Every year we get to honor the women that birthed us or fed us, changed our diapers, nurtured and loved us – or those who functioned in that role. While no mother is perfect, these women helped us get to this stage of life. My Mom, Chris, has been enjoying heaven for nearly six years.
This is my favorite picture of us, and it sits on my shelf in my office. Every day, I am reminded of how much she invested in me – not just physically and emotionally but spiritually.
Right after I was ordained at Valley Christian Church back in ’97, she told me she always knew I’d become a pastor. She’d prayed for it! Even when, in my late teens, I’d rebelled against everything religious and wandered far from God, she remained hopeful. That desire to see me grow in Christ was backed up by living a life that demonstrated His goodness.
At Mom’s celebration of life, I got to emphasize a few lessons she taught me about growing spiritually. To begin with, she taught me patience. I don’t know if it’s just a guy thing, but we men generally lack this quality. Mom had a very long fuse that she kept hidden. It took a lot to get her to explode. However...!
My sister & I have a great relationship, but with 2 young kids on her small salary, we had to share a room, which led to tension! “Mom, she started it!” “No, he hit me first!” And yet she could solve our problems, and we’d go back to playing.
But, when we crossed the line, and there was one, we knew it! She would raise her hands up in the air, shake them, and say at the top of her voice: “One of you just hurry up and kill the other one so I can have some peace and quiet!” Yeah, that made us stop in a hurry! Later on, we all laughed at it. She said it was her tactic for us to get along.

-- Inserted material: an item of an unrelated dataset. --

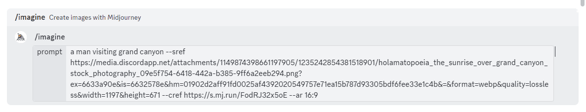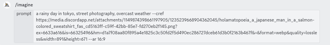 The only difference is that at the end of the prompt, before you choose an aspect ratio or switch between models, write the keyword --cref, followed by the link you just copied.

Mom couldn’t understand our quarreling slash loving relationship because she was an only child. So, she taught us to love each other because we were all the siblings we’d get. We needed that lesson because we endured many painful years of abuse from our stepfather and stepsiblings. But Mom was our rock to see us through it, with God’s strength, teaching us to love without reservation when others in our lives didn’t do that for us.
She didn’t know how God would intervene, but she knew He would. Mom demonstrated a tough endurance that persevered! She taught us what complete reliance upon the Lord looked like!
But she was also humble. When we were involved in a major auto accident, Mom never physically recovered from her injuries but never let others know the pain she endured. Why? Because to Mom, you were the most important person in the room, not her! She had a selfless quality that I know Jesus honors. She exemplified how to be an amazing mother, balancing work and caring for my aging grandmother.
Two days before she died, I asked her what she wanted people to remember about her. She simply said: “That I once was Saul, but now I’m Paul.” And I thought, wow, she’s teaching us even as she leaves this earth! Her regrets of running from Jesus in her younger years had now been radically transformed into a witness of God’s grace to grow a person spiritually.
And now, she is experiencing what Paul did. 2nd Timothy 4:6-8 says, “For I am already being poured out like a drink offering, and the time has come for my departure. I have fought the good fight, I have finished the race, I have kept the faith. Now there is in store for me the crown of righteousness, which the Lord, the righteous Judge, will award to me on that day--and not only to me, but also to all who have longed for his appearing.”
May we keep learning the spiritual lessons Mom taught - over and over again, until we, too, receive that crown as we meet Jesus face to face!